Sacred love is love that translates across and out of just the bonds of friends and family, tribes and nationalities. Sacred love is love for the world in all its variety…
the environment, the creatures, the people. Love for the unlovely, love even for those who may wish to harm us. LOVE that perseveres when human love might fail.

LOVE that is characterised by empathy, compassion, and support for others.

Love like this isn’t the result of physical attraction or body chemistry or family. It only develops over time as individuals learn to put their ego aside in order to care for others.

It is human beings in tune with the creative force of the universe… and we can call that ‘love’ or ‘goodness’ or ‘Godliness’… whichever we prefer.

The next time we are about to say, ‘I love you.’ perhaps we should pause a moment to make sure we mean the right kind of love for the situation we are in and the person we’re with.
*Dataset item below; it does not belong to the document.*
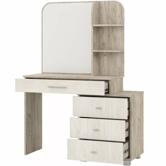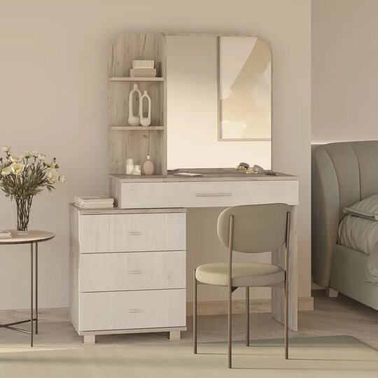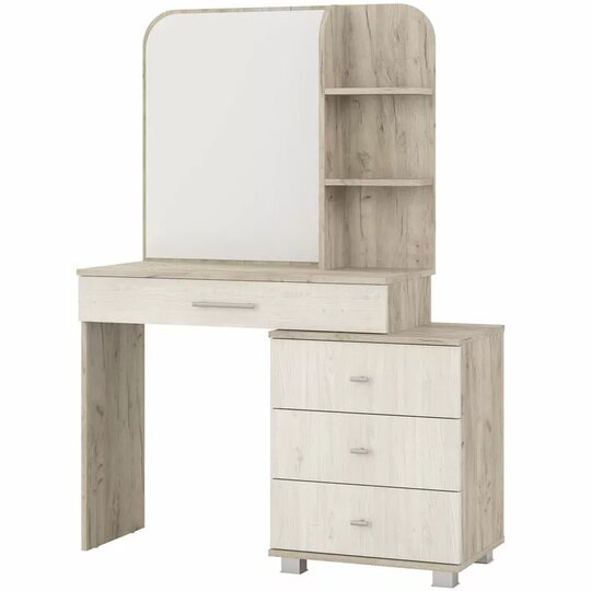 Трюмо Оливия 4-25100 прекрасно впишется в интерьер спальни и поможет создать удобное место для наведения красоты. У вас будет комфортное место, где вы с большим удовольствием сможете нанести макияж и создать безупречную укладку. Открытые полки и широкий выдвижной ящик, и вся косметика, мелкие аксессуары и украшения будут у вас под рукой. Трюмо прекрасно сочетает в себе простоту и функциональность.

Baby bird fell out of the nest. Mother bird caught it. Father bird held it up.

oOo

 

 

 

 

 

 

 

 

 

 

 

 

 

 

 

 

 

 

 

 

Baby bird fell out of the nest. Mother bird caught it. Father bird held it

2 thoughts on “Opinion: Love in a World of Woe

  1. Brian O'Hanlon

    God is fundamental, God is Love. When our mind is quiet and naturally happy I am in a state of love, (I Am). My Spirit is Love and is with God as Love. That is why we are here to Spiritually grow into Love. Love is other orientated- helping others, Love is kind etc. Jesus was the role model. When God is fundamental there is only Love all other emotions are a human (not Spiritual) distortion of Love. Using our free will we can be Love or in some other state.

  2. Bev Floyd

    One person’s journey through
    life will take them in a different direction to another’s.
    They will experience the mystery differently. What is required is for each to report what they have discovered as clearly as they can. Then the rest of us will be helped on our own journeys. Thanku Brian.